### WHAT YOU SHOULD DO
Copy, pictures aside: the lines below from the one that holds "More detailed information" through the final line of the listing, both ends included, exactly as they are and nothing else.

### MATERIAL PROVIDED
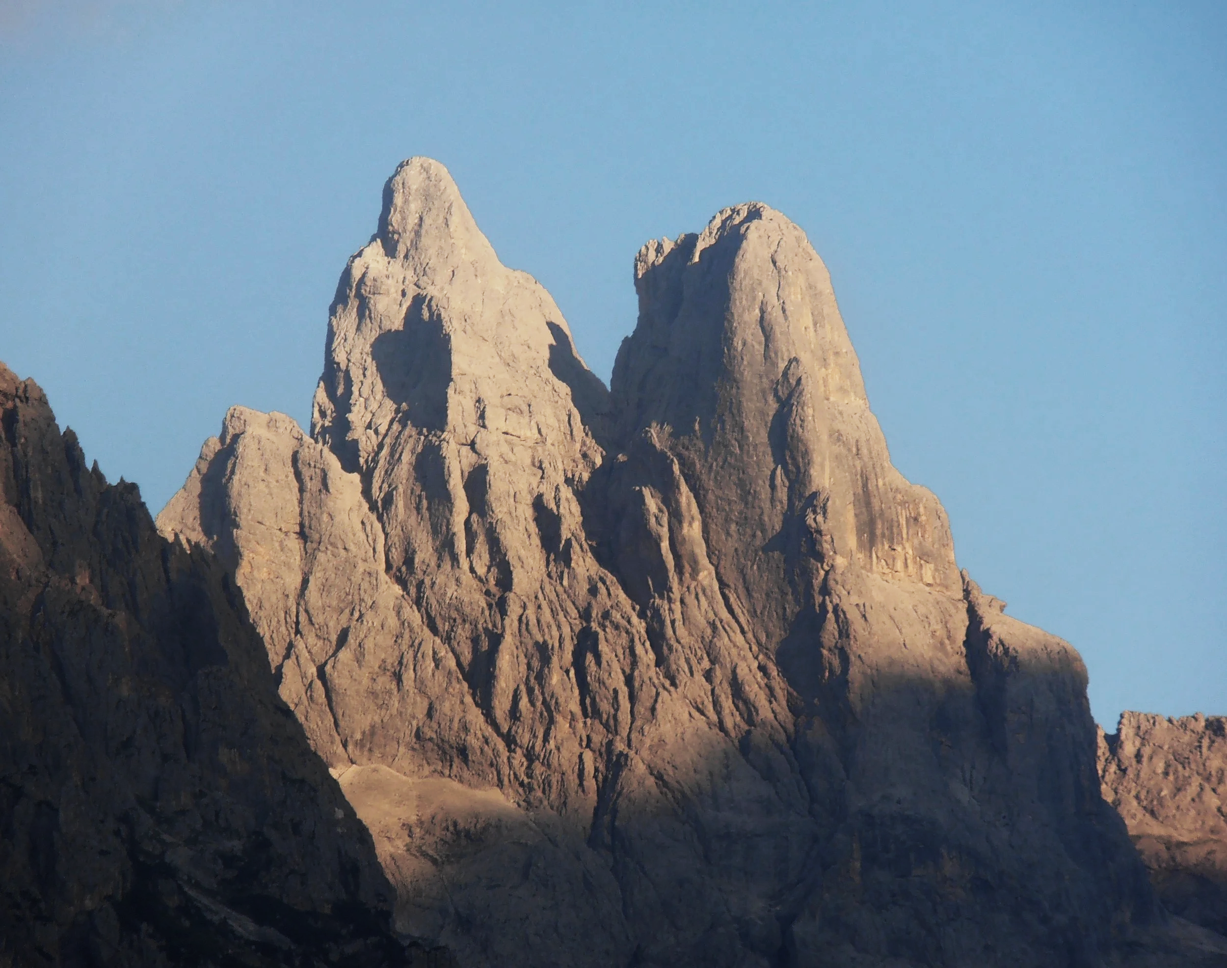 If conditions are favorable, the objective is the Via Ferrata Dino Buzzati on Cimerlo, a difficult and exposed route that requires steady movement on steep terrain and offers a direct introduction to the wild character of these mountains. Depending on the group and mountain conditions, the guide may instead choose the Via Ferrata del Cacciatore on Cima Stanga, technically intermediate, or the Sentiero Depaoli, technically easy to intermediate but still long and physically demanding. Each option follows the same logic of progression into the Pale, combining vertical sections with authentic mountain travel.
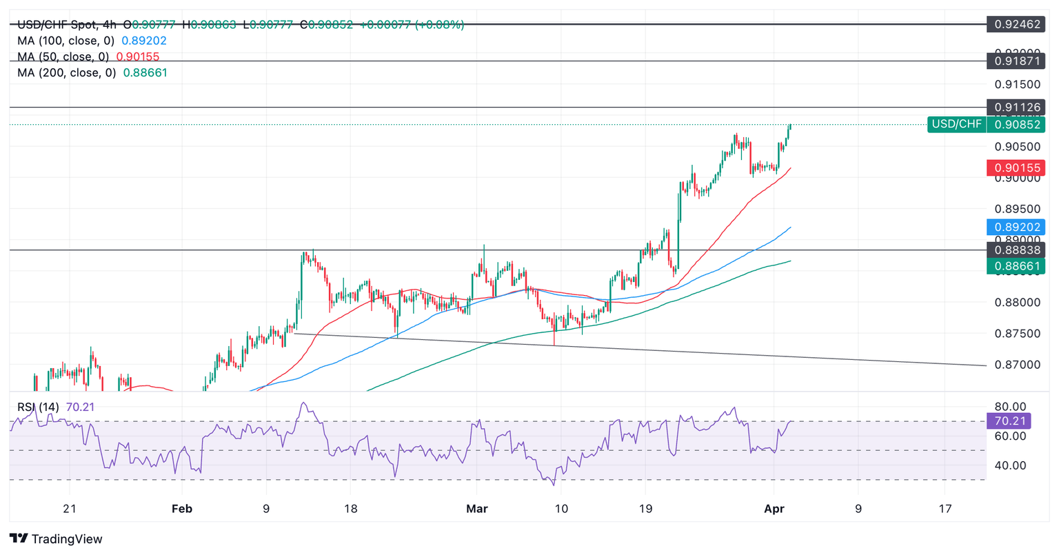 USD/CHF – the number of Swiss Francs that can be bought with one US Dollar (USD) – extends its uptrend.
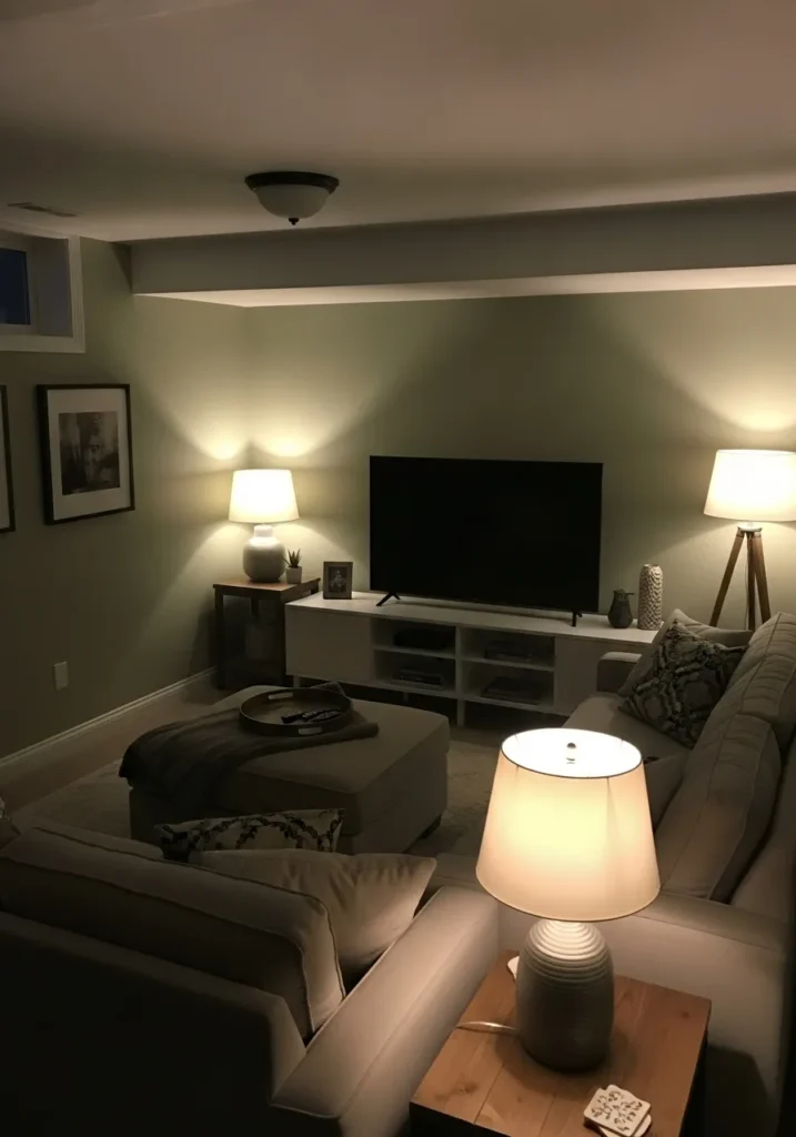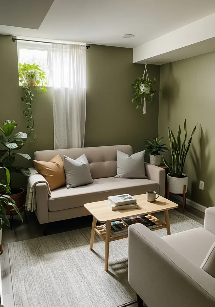 This basement lounge uses a muted green backdrop paired with soft lighting and cozy seating.
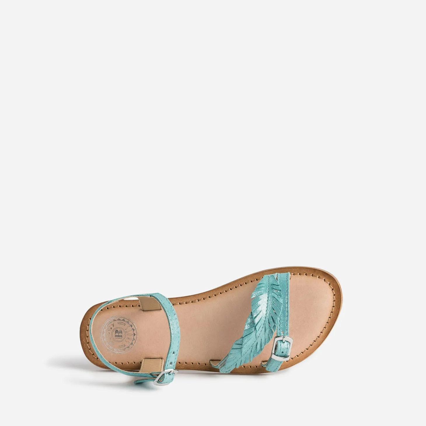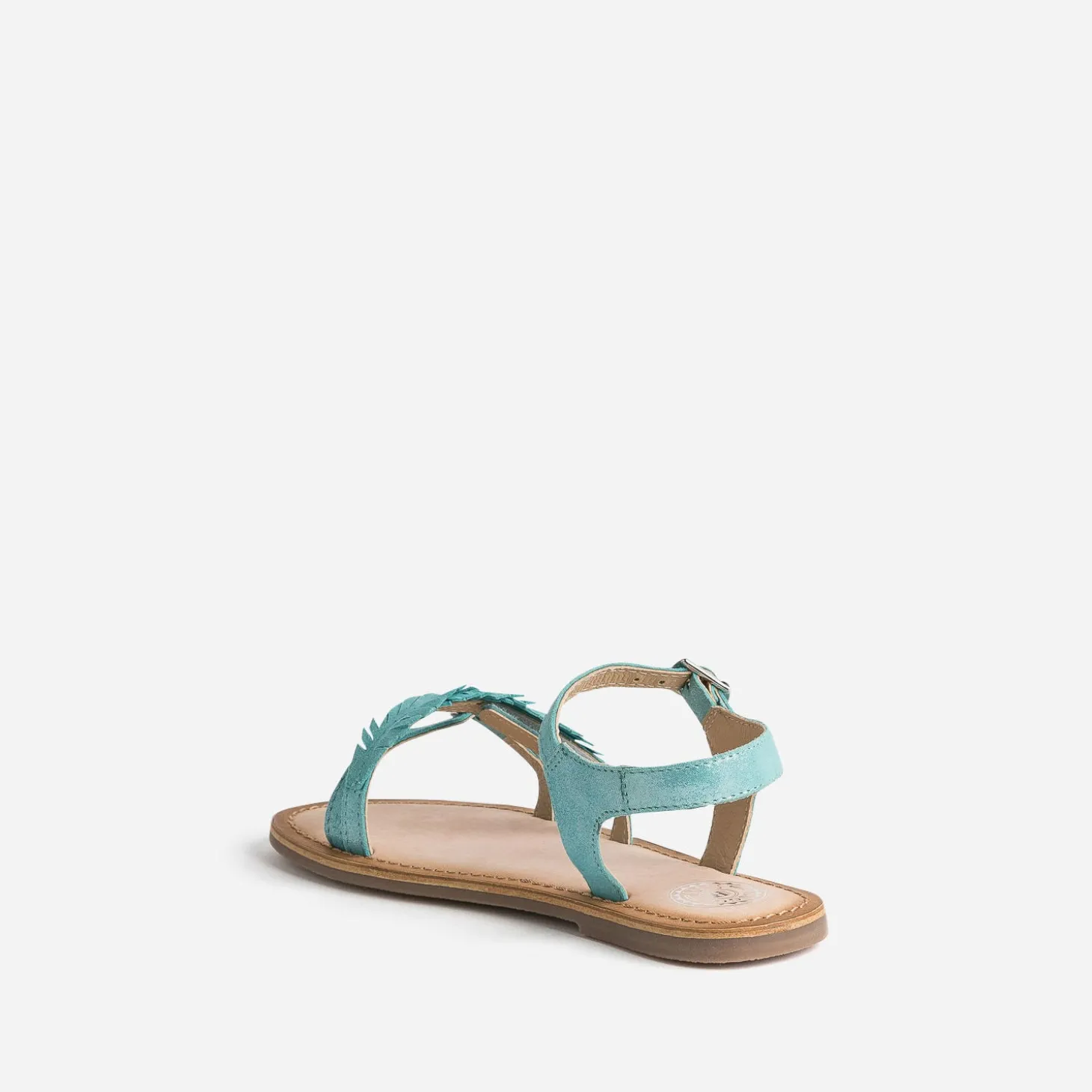 En cuir velours turquoise, avec finition irisée, cette sandale fille apporte une touche de couleur aux tenues. Construite avec 3 brides, elle est décorée d’une plume sur le dessus. Elle se ferme par boucles, à ajuster en fonction de la largeur du pied.
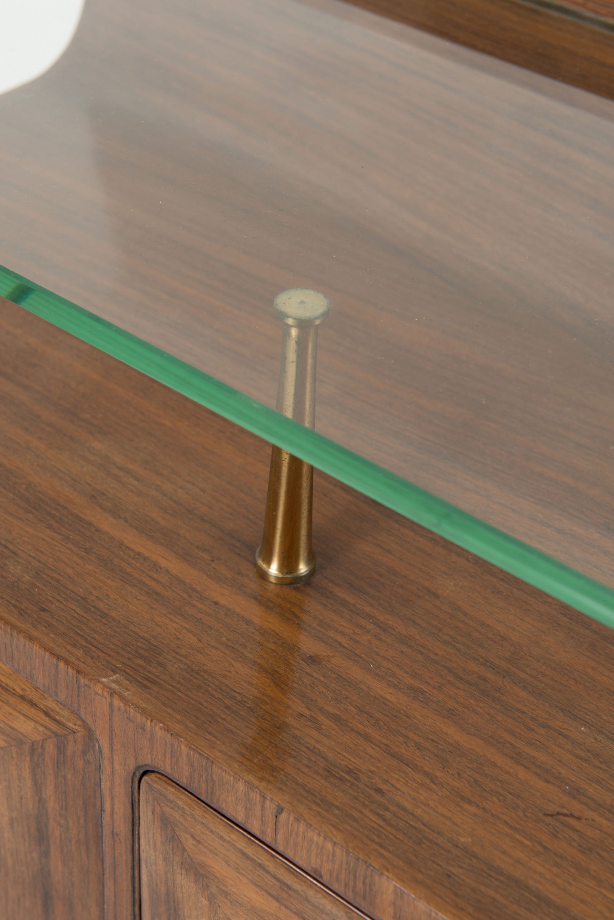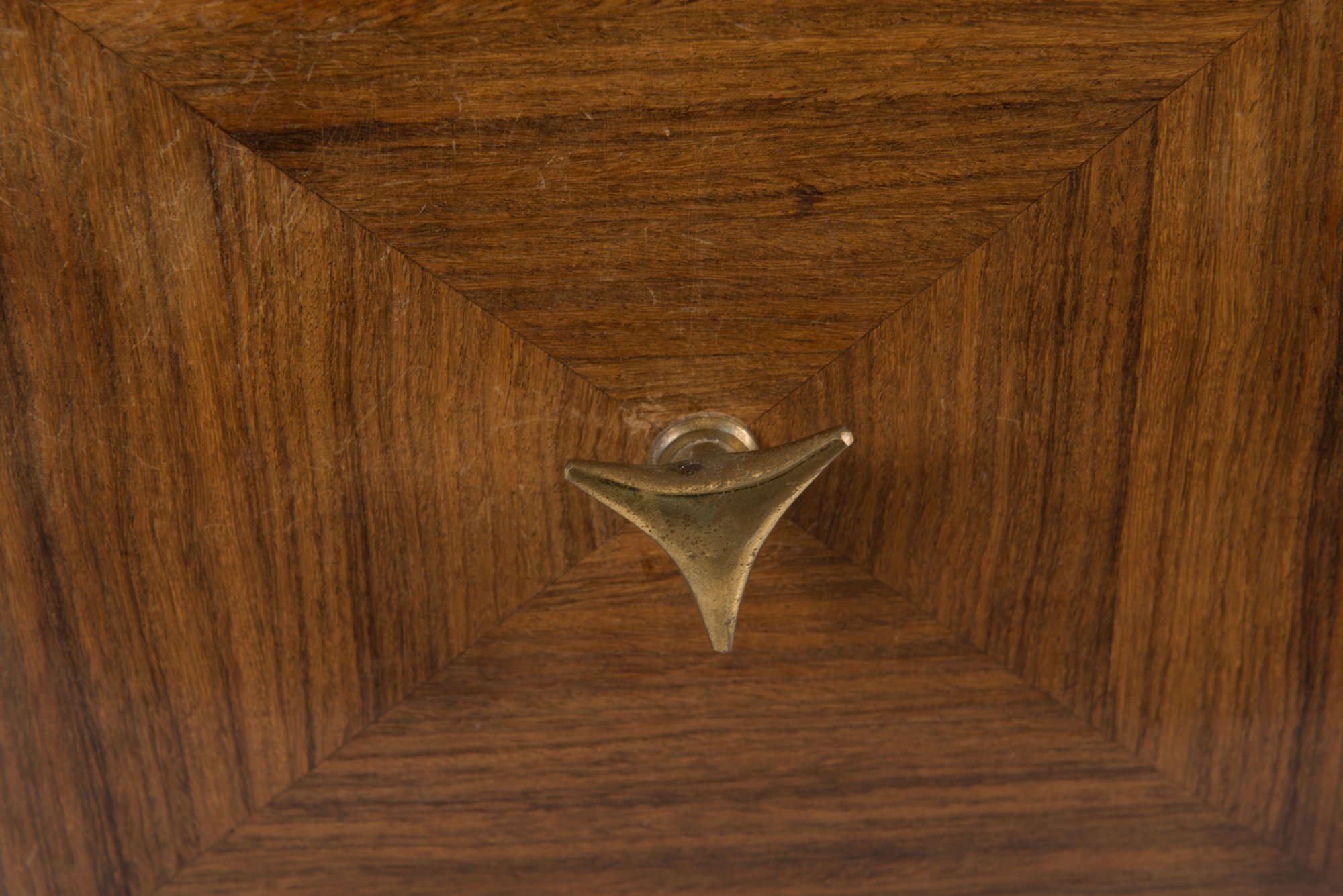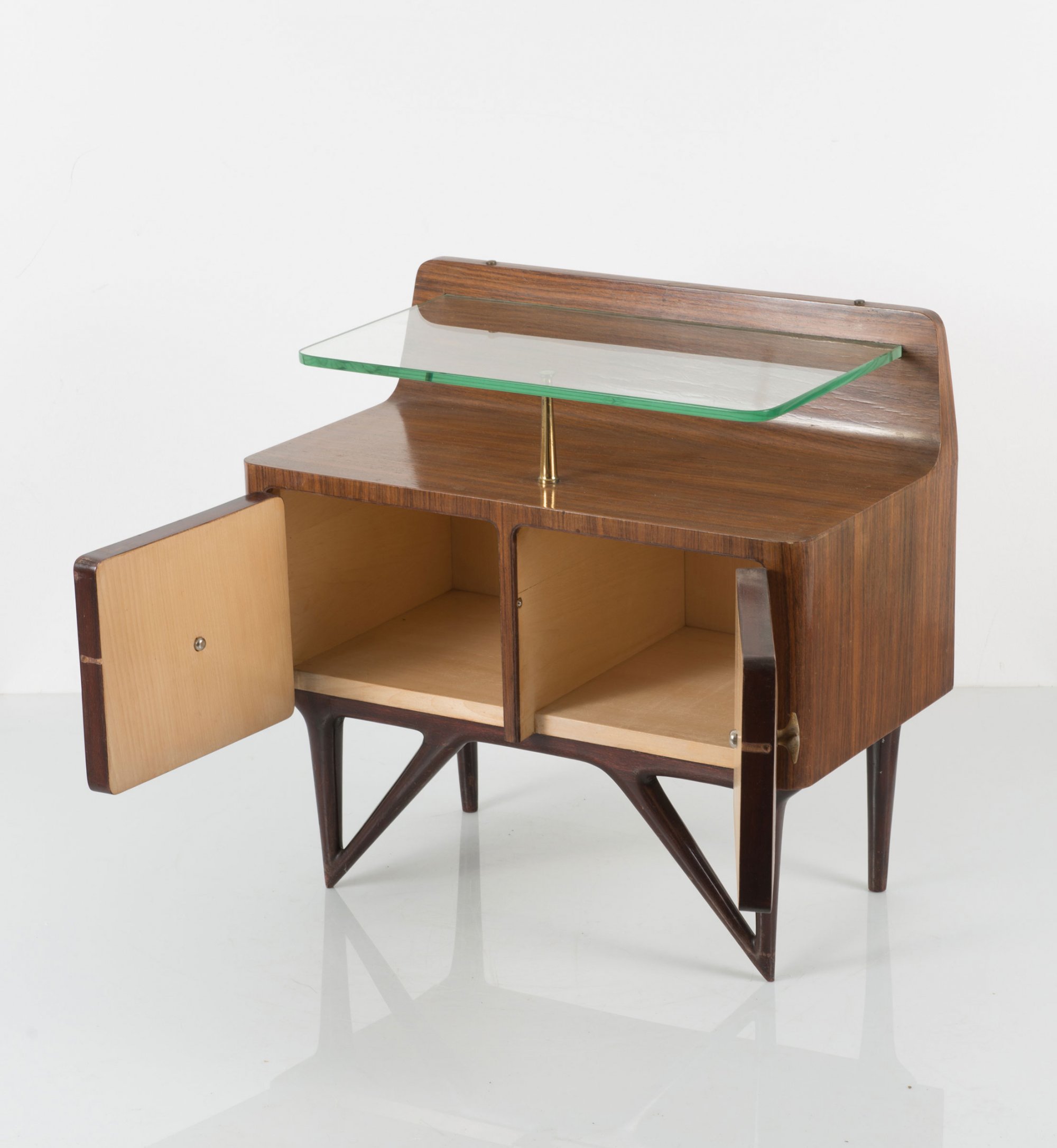 Vittorio Dassi (attributed). Two night stands, 1940s. H. 58 x 60 x 33 cm. Made by Dassi Mobili Moderni, Lissone (attributed). Blockboard, nut veneer, feet mahogany-stained, glass.
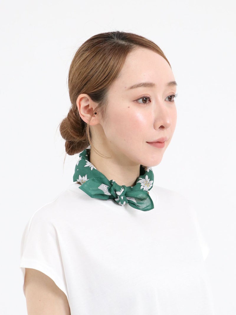 ハンカチとしての使用はもちろん、首や頭に巻いたいり、バックのハンドルにつけたりと、スタイリングのワンポイント使いとしてもおすすめです。ギフトとしても最適です。
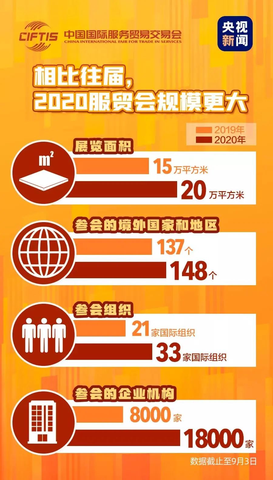 展会规模进一步扩大。今年中国国际服务贸易交易会根据疫情防控需要和数字展览发展趋势,采取线上线下结合的方式,虽然面临疫情影响,国际国内参展参会的热情仍然很高,企业的数量超过往年,一批服务领域新模式新成果将得到充分的展现。
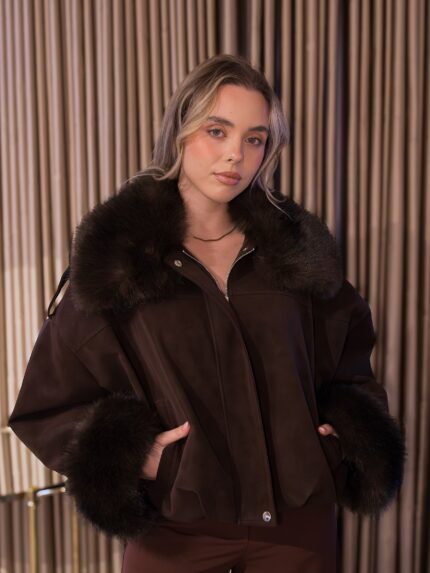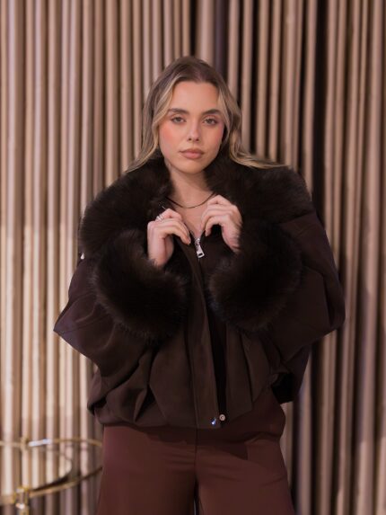 CASACO BOMBER CASTANHO PONTO CHIC
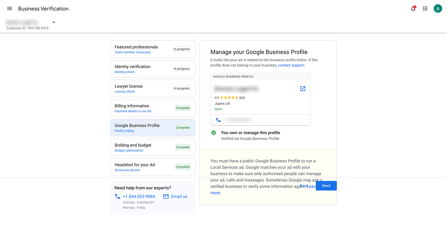More detailed information is required for your LSA business profile. You’ll need to enter details about your firm and the people working in it. For instance, each legal professional working in your firm will need to be verified with their bar license information.
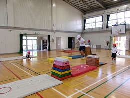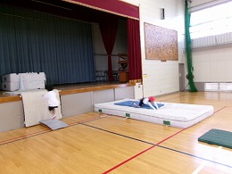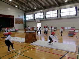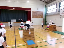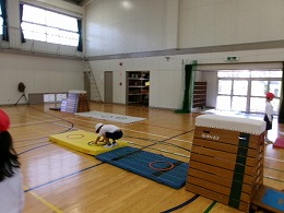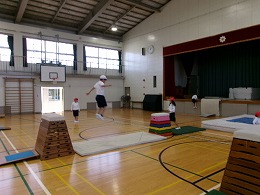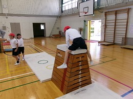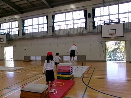 2年生の体育では「跳び箱やマットを使った運動遊び」として、ぴょんぴょんランドを始めました。子どもたちが体育館にある用具(跳び箱、マット、リング等)を使って場づくりを行い、その作った場で楽しく遊んでいました。また、活動の途中に跳び箱の向きを変えたりリングの位置を変えたりと、

### EXERCISE ANSWER
More detailed information is required for your LSA business profile. You’ll need to enter details about your firm and the people working in it. For instance, each legal professional working in your firm will need to be verified with their bar license information.
 2年生の体育では「跳び箱やマットを使った運動遊び」として、ぴょんぴょんランドを始めました。子どもたちが体育館にある用具(跳び箱、マット、リング等)を使って場づくりを行い、その作った場で楽しく遊んでいました。また、活動の途中に跳び箱の向きを変えたりリングの位置を変えたりと、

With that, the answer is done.